In your professional life

  • Mentoring: This might sound cliche, but being someone's mentor is so important! Create a safe space where you can answer questions, provide feedback, share resources, and share network to someone who might need it! Don't wait until someone asks you to be their mentor. Take on that role yourself! Sometimes people are too intimidated or uncomfortable to ask. 
  • Your service should be customizable and personalized: Everyone has different lived experiences. Therefore, you should not provide a service through one single template. For example, if you are a wellness practitioner, the healing plan of an LGBTQIA+ person will need to be different than for a cis-gendered woman. The service should cater to the root of their struggles triggered by trauma related to their specific intersect. 
  • Offer your services or products on a subscription-based model: money holds a lot more power than just monetary value. It has many dimensions and elements to it because it limits the potential of those who do not have enough of it. Through subscription models, you are allowing someone to spread out and break down costs in a more digestible way. Subscriptions can be similar to a payment plan without interests.
  • Offer your services or products on a sliding scale: This works by allowing people the choice to pay more to support others who cannot pay the full price and pay less to support those who cannot pay the full cost.  
  • Share Resources: Make resources available to redirect folks to other organizations or professionals that cater to their specific needs that you may not be able to offer because of limiting capabilities/resources.
  • Promote a “Pay Forward” Program: This will initiate the voluntary donation from your privileged clients to help fund your services for BIPOC/ LGBTQIA+ in financial need. 

Remain in Balance

Lastly, in our pursuit of helping others, it can be easy to forget about ourselves. It's unrealistic to be a voice of empowerment if you don't take proper care of yourself. Remember that wellness advocacy requires energy, so be mindful and intuitive of your emotional, physical, mental, and spiritual needs.  

In Conclusion

In pursuit of our wellness potential, think collectively.

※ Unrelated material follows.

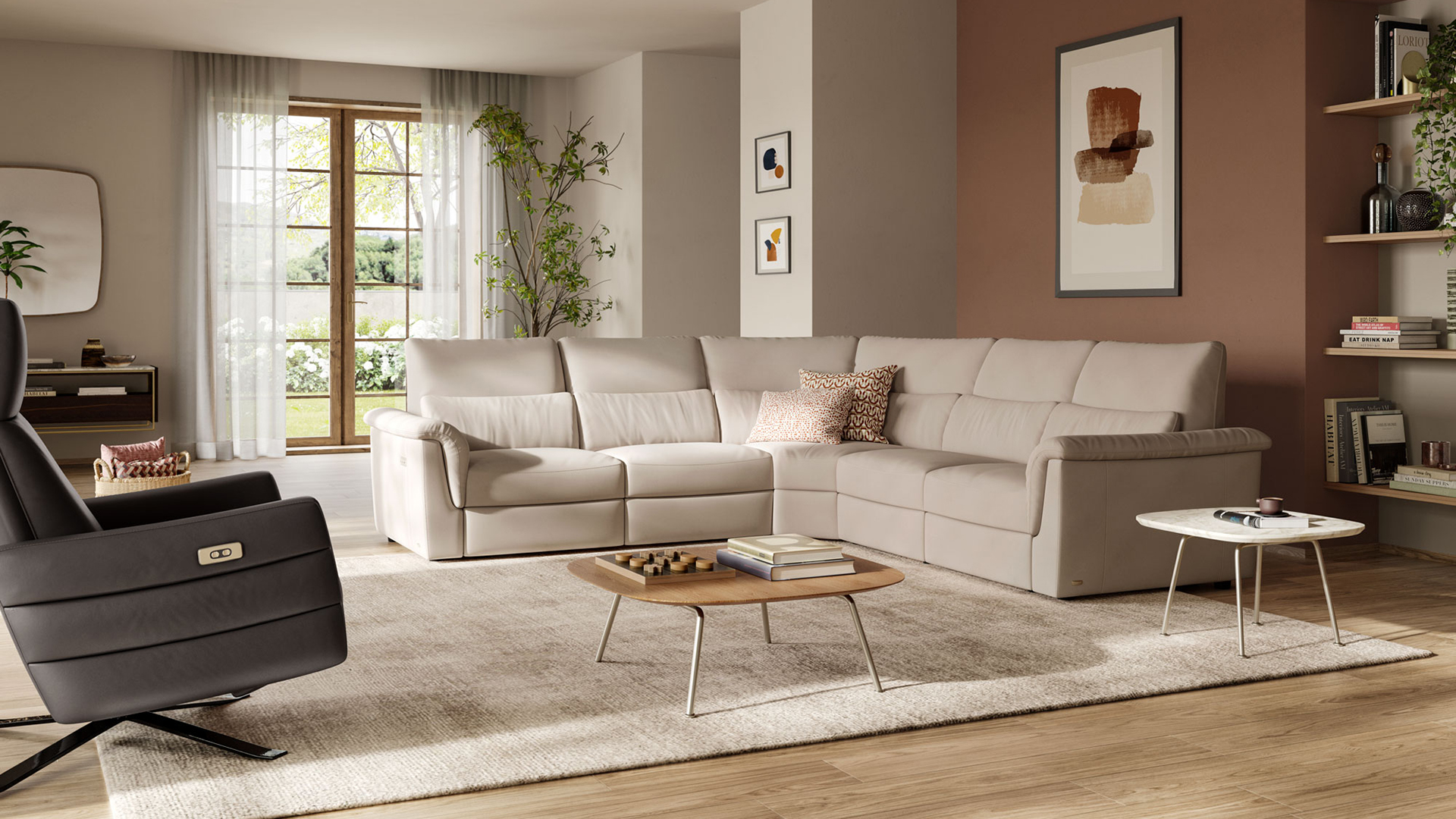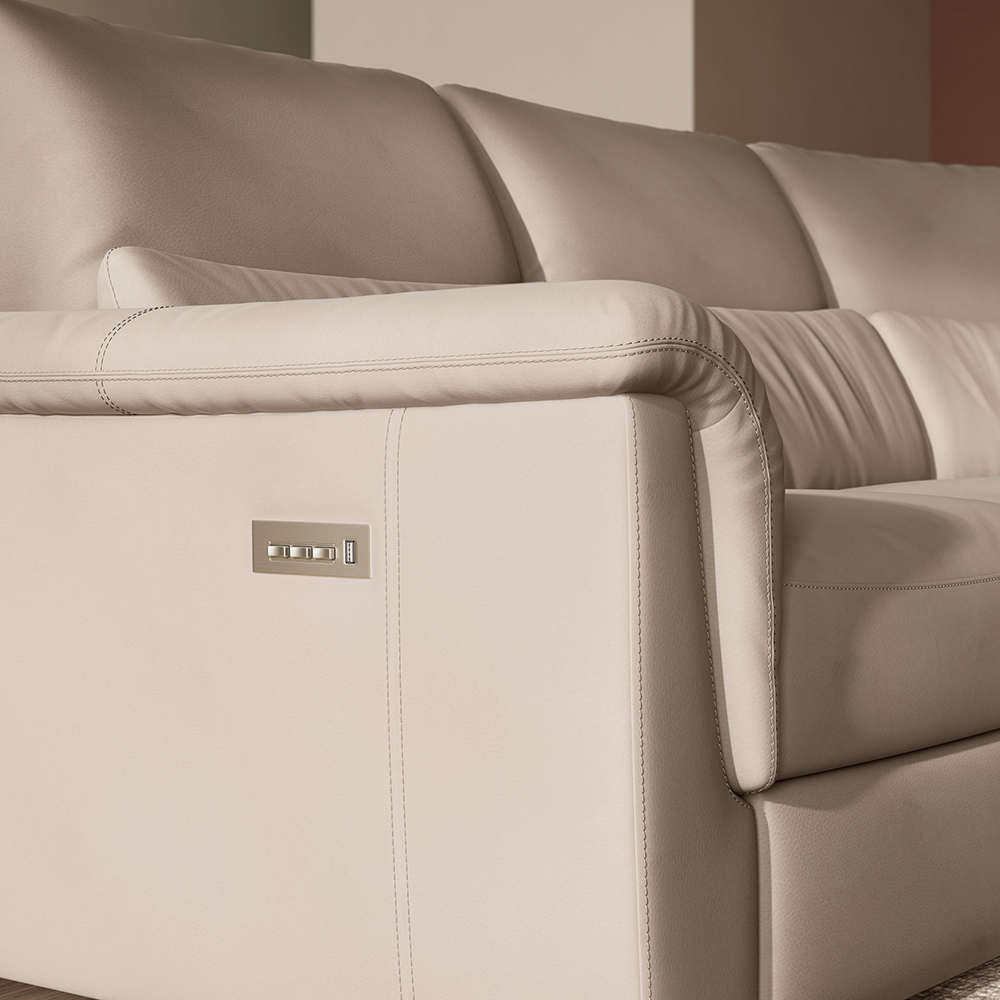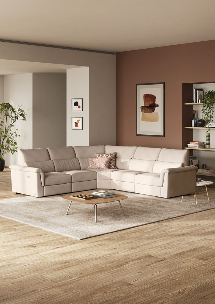 Amorevole-ն աչքի է ընկնում իր առօրյա դիզայնով և հարմարավետ ձևերով: Այն նաև շատ լայն է ՝ բարձր հենակով և լայն արմնկակալներով, որոնք ունեն քառակուսի ձևավորում և կլորացված անկյուններ։ Հարմարավետությունը զգացվում է բազմոցի յուրաքանչյուր քառակուսի սանտիմետրում։

Alter your ideas behind wellness and community work! You can be an advocate in many ways in your life, there is not one-size-fits all. Challenge the narrow assumptions about power, wellness, helping, achieving, and succeeding. We are free-thinking, free-acting people that have the capability of striving for individual potential while empowering others along the way. Remember that collective empowerment is strategic to your wellbeing because if your community is thriving in their potential, then so are you. We can achieve so much when we heal together!

References

Four Transforming Values, the Springfield Dominican Anti-Racism Team, September 2010.